Шрифт:
Интервал:
Закладка:
В этом году моему брату исполнилось восемнадцать. После школы он подрабатывает, а деньги откладывает на учебу. Осенью он уедет в колледж, и мы с мамой заранее грустим. Бен очень высокий и сильный. Он похож на отца, только мягче, если вы понимаете, о чем я. Бен хочет поступить на службу в полицию. По-моему, из него выйдет хороший полицейский. Не знаю, что я буду без него делать. Многие мои подруги ждут не дождутся, когда старшие братья или сестры уедут, но у нас с Беном все по-другому. Когда я представляю, что он уедет, мне становится очень грустно…
Луис до сих пор помощник шерифа, но мама с Беном считают, что в следующем году, когда старый шериф, наконец, выйдет в отставку, шерифом выберут его. Луис часто ужинает у нас; он всегда приходит смотреть футбол, когда Бен играет за школу. Бен и Луис очень подружились; по-моему, Бен хочет стать полицейским, чтобы быть похожим на Луиса. Странно, что мама и Луис так и не поженились. Какое-то время назад он развелся, да и мама теперь свободна. Позавчера я спросила ее, почему бы им с Луисом не пожениться, ведь ясно, что они любят друг друга. Лицо у нее сделалось печальное, и она ответила, что все очень сложно, поэтому я оставила ее в покое. Маме до сих пор иногда снятся страшные сны — да-да. Иногда она кричит по ночам, а потом заглядывает в наши с Беном спальни — убедиться, что мы на месте.
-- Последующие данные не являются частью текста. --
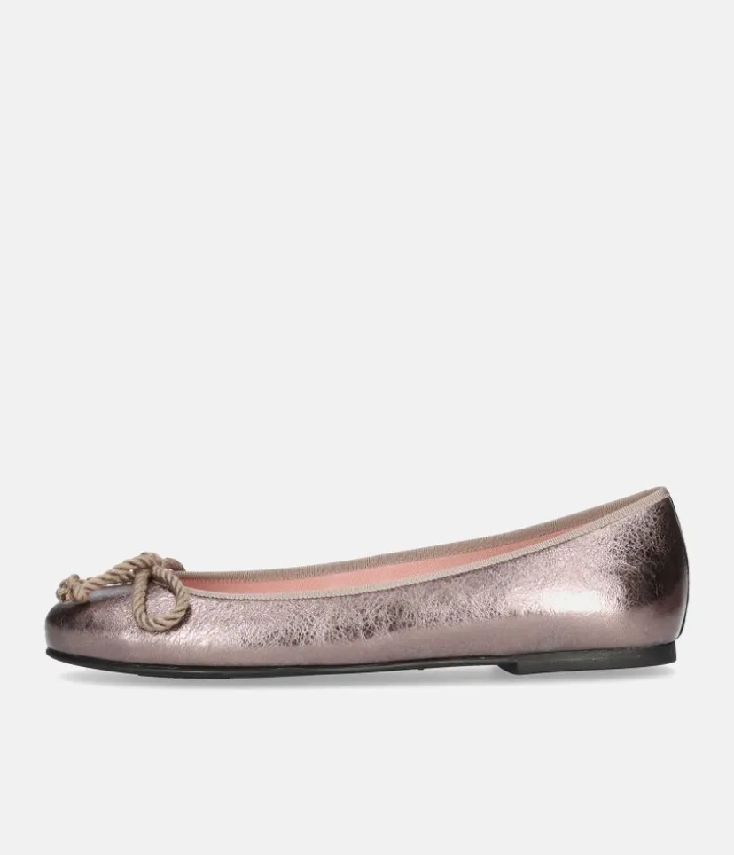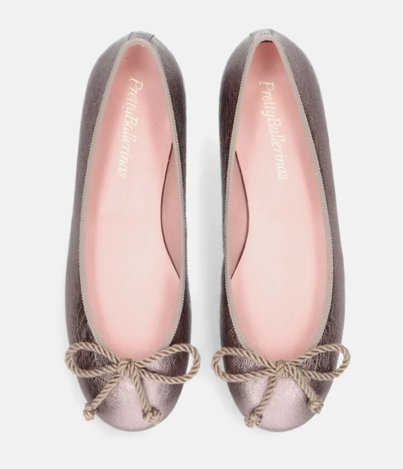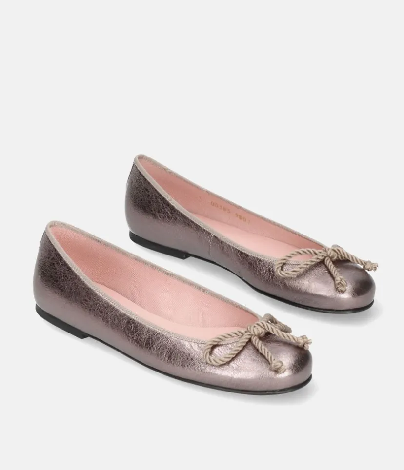 A Stylish Pretty Ballerina style in Metallic Bronze made in a soft leather and finished to perfection with a delicate bow. This classic style has a 0.5 inch heel with a rubber sole for flexible support and comfort.
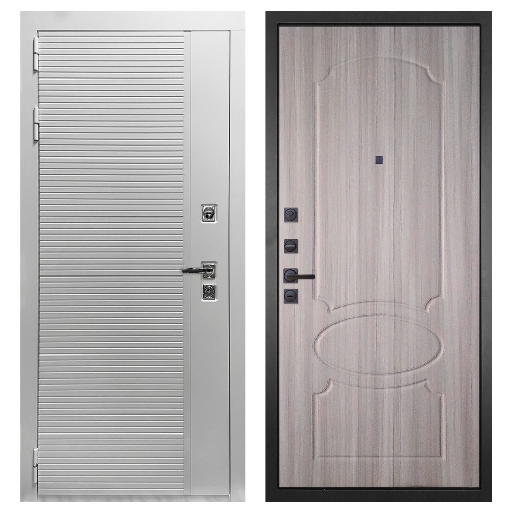 Дизайн и отделка: Полимерно-порошковое покрытие металлоконструкции выполнено в белом цвете — стойком, аккуратном и идеальном для квартиры. Внешняя МДФ-панель и наличники также белые, что создаёт единый гармоничный образ. Два объёмных хромированных логотипа придают модели фирменный стиль и аккуратность.

Тэннеру, сыну Луиса, уже десять лет. Он приезжает в Уиллоу-Крик почти каждые выходные и иногда проводит здесь каникулы. Кристина в конце концов поселилась в Сидар-Рапидс, в часе езды от нас. Тэннер славный мальчик — тихий, задумчивый, с серьезными глазами. Луис обожает сына и очень грустит, когда тому приходится возвращаться в Сидар-Рапидс.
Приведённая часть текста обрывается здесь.